Block coordinate descent is a powerful algorithmic template suitable for big data optimization. This template admits a lot of variants including block gradient descent (BGD), which performs gradient descent on a selected block of variables, while keeping other variables fixed. For a very long time, the stepsize for each block has tacitly been set to one divided by the block-wise Lipschitz smoothness constant, imitating the vanilla stepsize rule for gradient descent (GD). However, such a choice for BGD has not yet been able to theoretically justify its empirical superiority over GD, as existing convergence rates for BGD have worse constants than GD in the deterministic cases. To discover such theoretical justification, we set up a simple environment where we consider BGD applied to least-squares with two blocks of variables. Assuming the data matrix corresponding to each block is orthogonal, we find optimal stepsizes of BGD in closed form, which provably lead to asymptotic convergence rates twice as fast as GD with Polyak's momentum; this means, under that orthogonality assumption, one can accelerate BGD by just tuning stepsizes and without adding any momentum. An application that satisfies this assumption is \textit{generalized alternating projection} between two subspaces, and applying our stepsizes to it improves the prior convergence rate that was once claimed, slightly inaccurately, to be optimal. The main proof idea is to minimize, in stepsize variables, the spectral radius of a matrix that controls convergence rates.
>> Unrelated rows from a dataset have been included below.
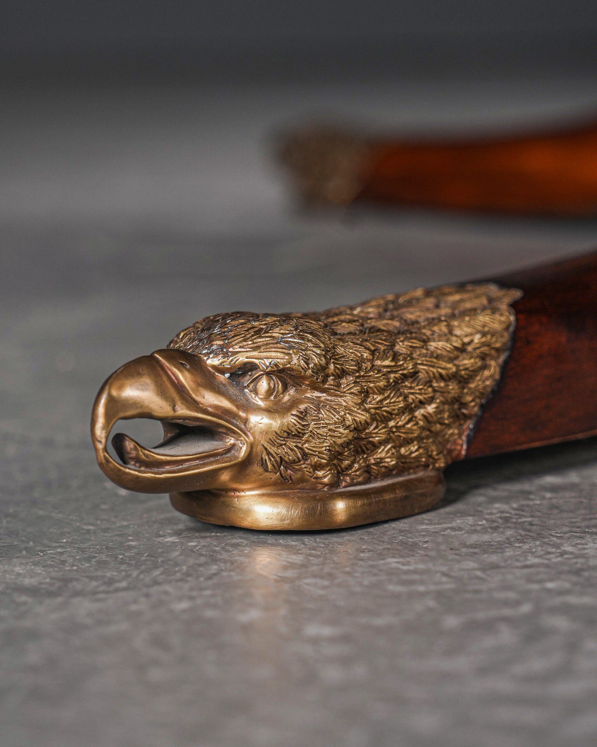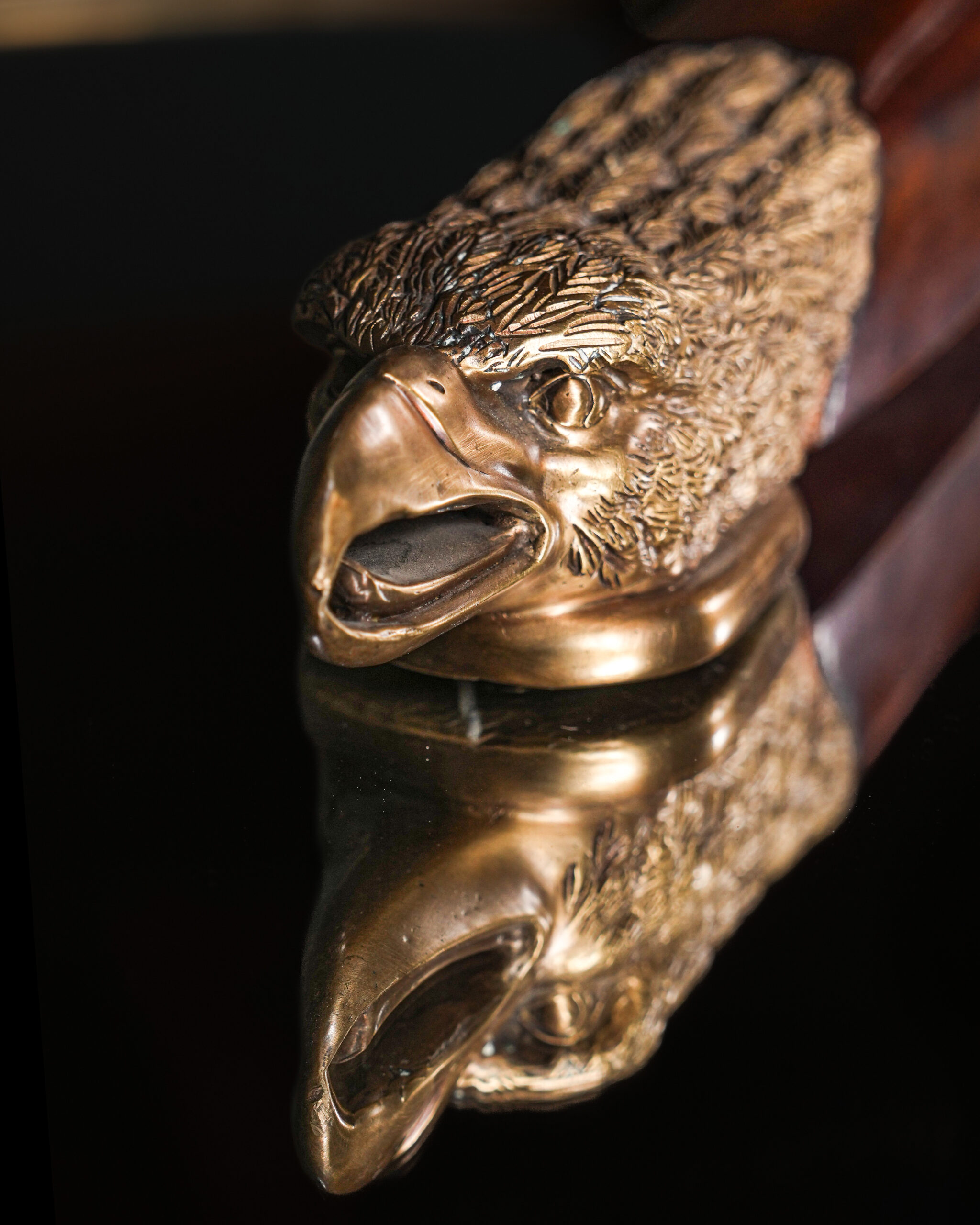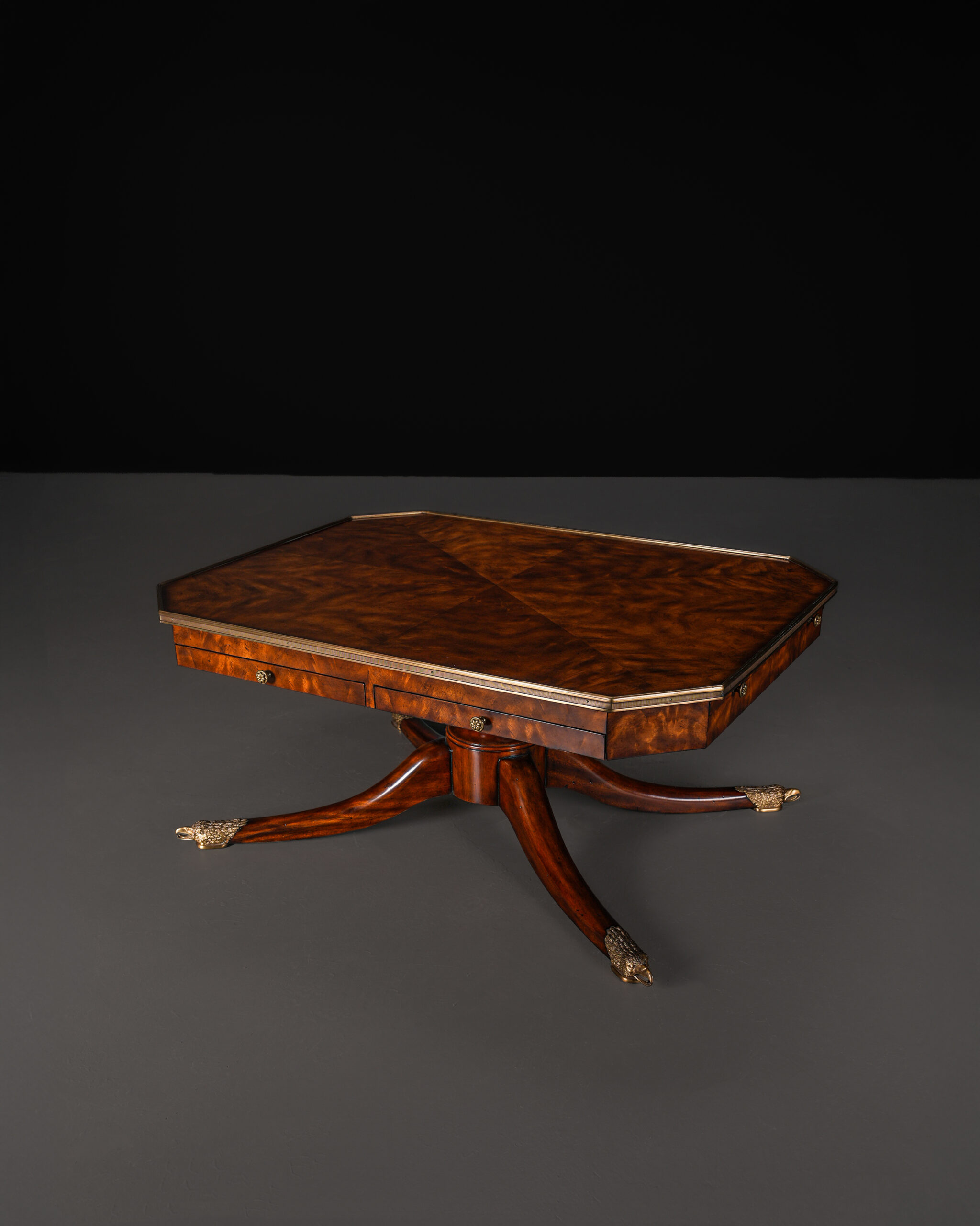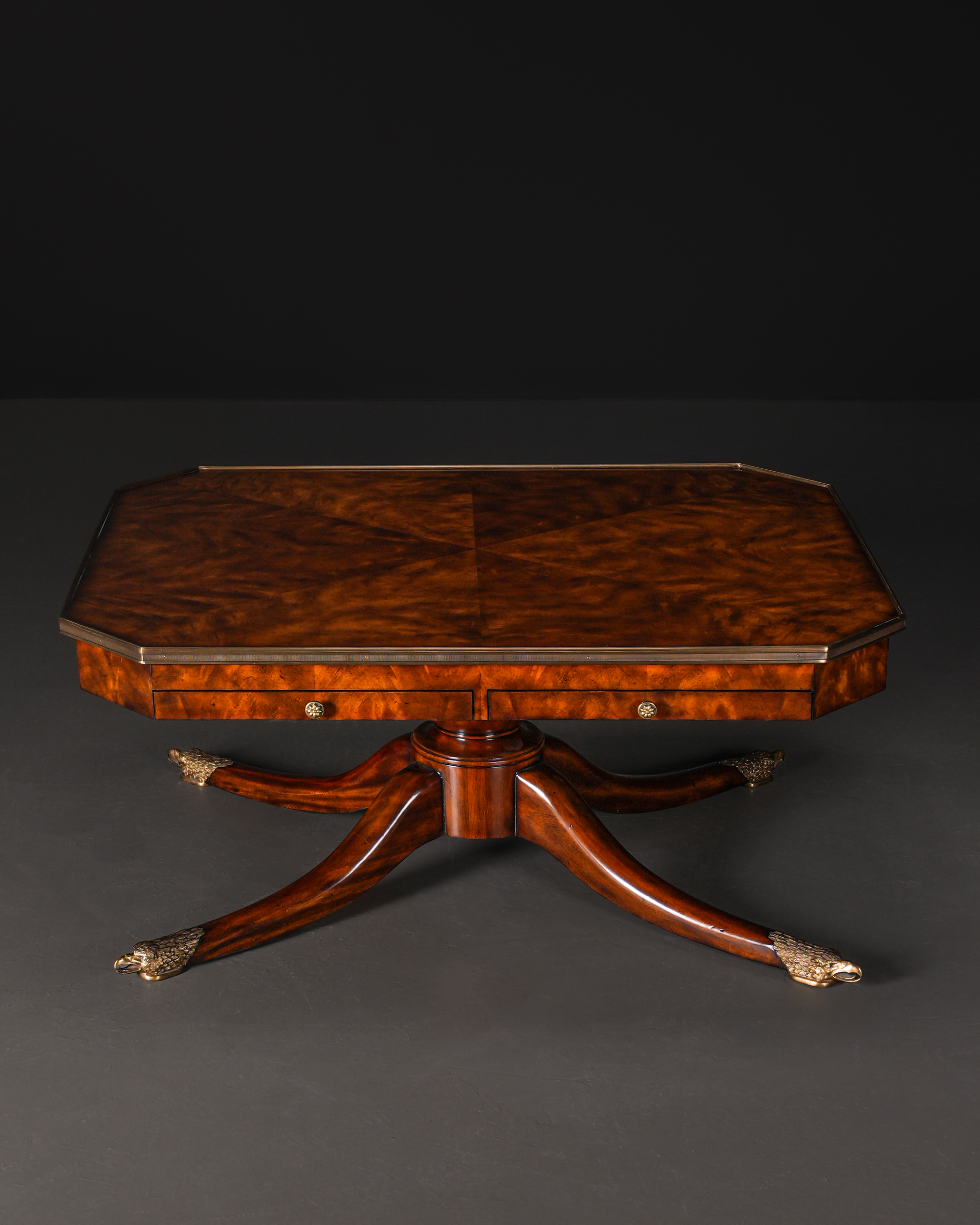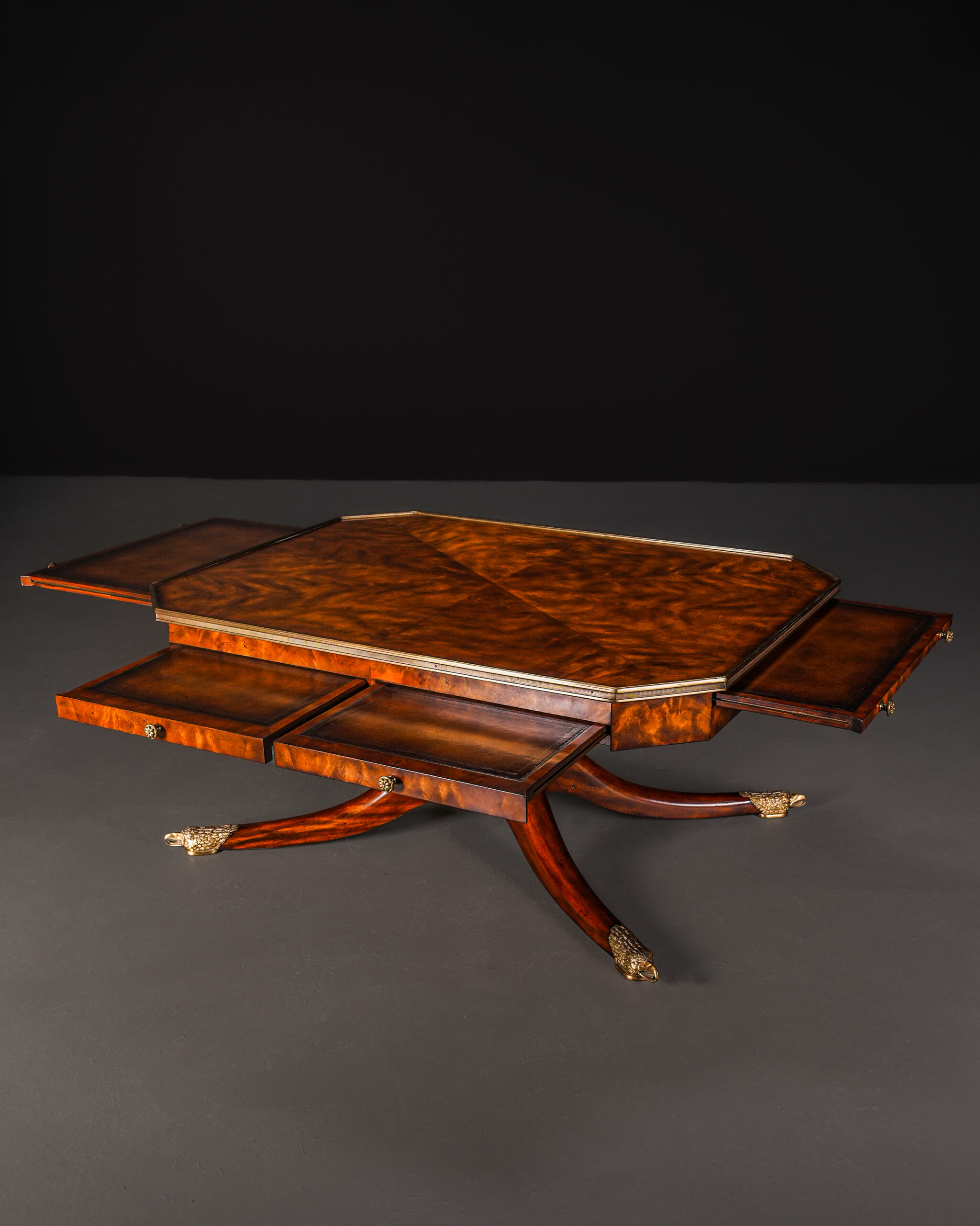Theodore Alexander imzalı, crotch maun kaplama üst yüzeye sahip, 6 adet deri kaplı sürgülü tablalı ve bronz kartal başı ayaklı lüks kokteyl sehpası. Geniş ölçülü ve prestijli tasarım.
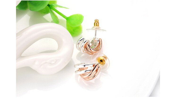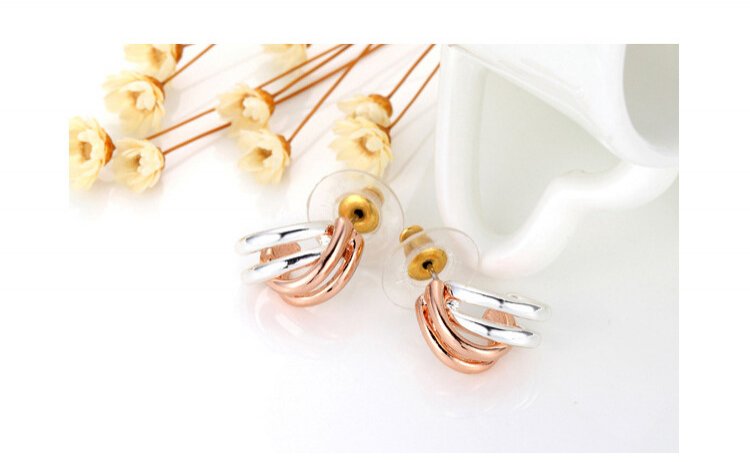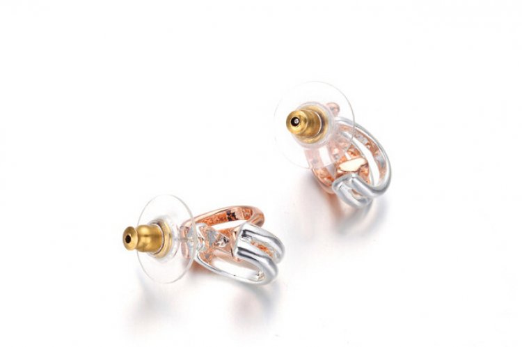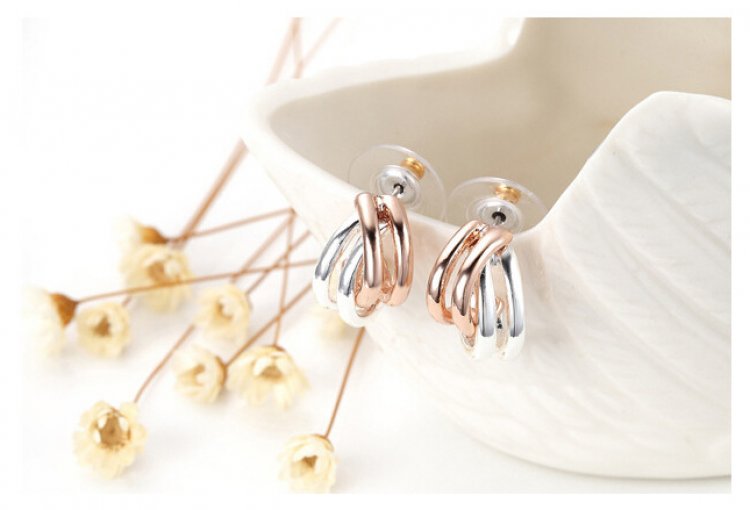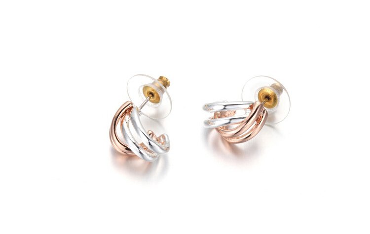 Plated 18k Rose Gold and 18k White Gold intertwine to create an exquisite effect! Display your affinity for classy sophistication with the Twines of Gold Earrings. 1 x 2 cm
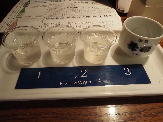 私は夏季限定の「信州舞姫 扇ラベル 純米吟醸 夏金魚」、「翠露 純米吟醸 Natural」、「信州舞姫 純米大吟醸 雄町 魅姫」を飲みました。種類は選べません。蔵の様な涼しい店内で一気に飲みました。飲むだけで何かをつまむことはできません。魅姫が一番美味しいと思いました。この試飲をすると、お猪口を1つもらえました。良いお土産になりました。
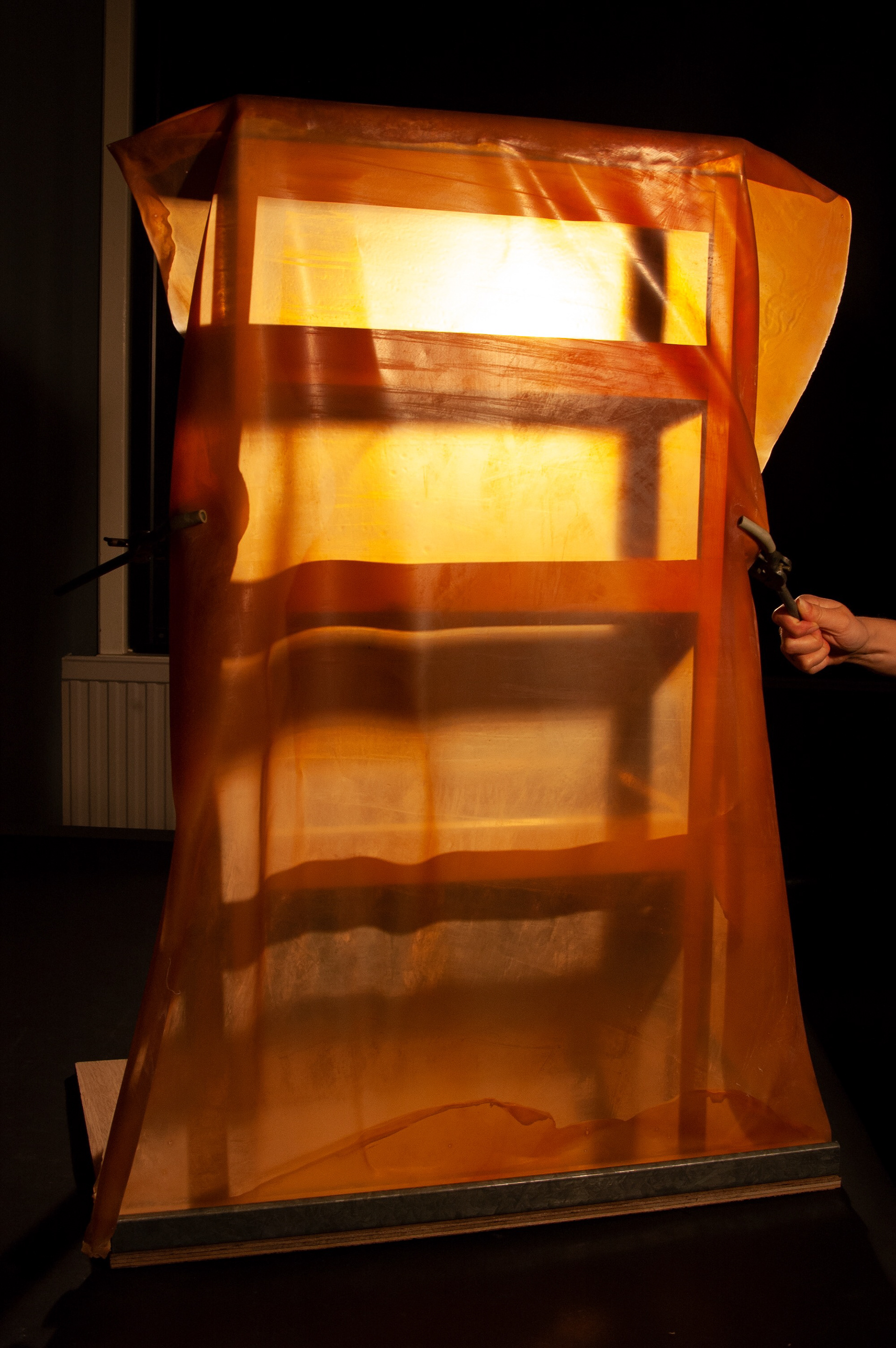 Samantha Price is a looming presence in the INKit factory. She has a private entrance and her office is placed above the factory from where she can see everything. It became clear that the idea of cleanliness and staying clean will become central to my project and the character of Samantha Price. This idea developed into an almost sci-fi feature of the INKit factory a latex skin covering the factory departments and machinery keeping the polluted air out.

翻译：块坐标下降是一种适用于大数据优化的强大算法框架。该框架包含多种变体，其中块梯度下降（BGD）在选定变量块上执行梯度下降，同时保持其他变量固定。长期以来，每个块的步长通常被隐式地设置为块李普希茨光滑常数的倒数，这模仿了梯度下降（GD）的经典步长规则。然而，这种BGD步长选择尚未能从理论上证明其相对于GD的经验优势，因为在确定性情况下，现有BGD收敛速率中的常数项均差于GD。为探寻理论依据，我们建立了一个简单场景：考虑将BGD应用于具有两个变量块的最小二乘问题。假设每个块对应的数据矩阵正交，我们以闭式形式推导出BGD的最优步长，并证明其能带来比带Polyak动量的GD快两倍的渐近收敛速率；这意味着在该正交性假设下，仅通过调整步长而无需添加任何动量即可加速BGD。满足该假设的一个应用场景是子空间间的\textit{广义交替投影}，将我们的步长应用于该场景可改进先前曾被（略有偏差地）宣称最优的收敛速率。核心证明思路在于：通过最小化控制收敛速率的矩阵谱半径来优化步长变量。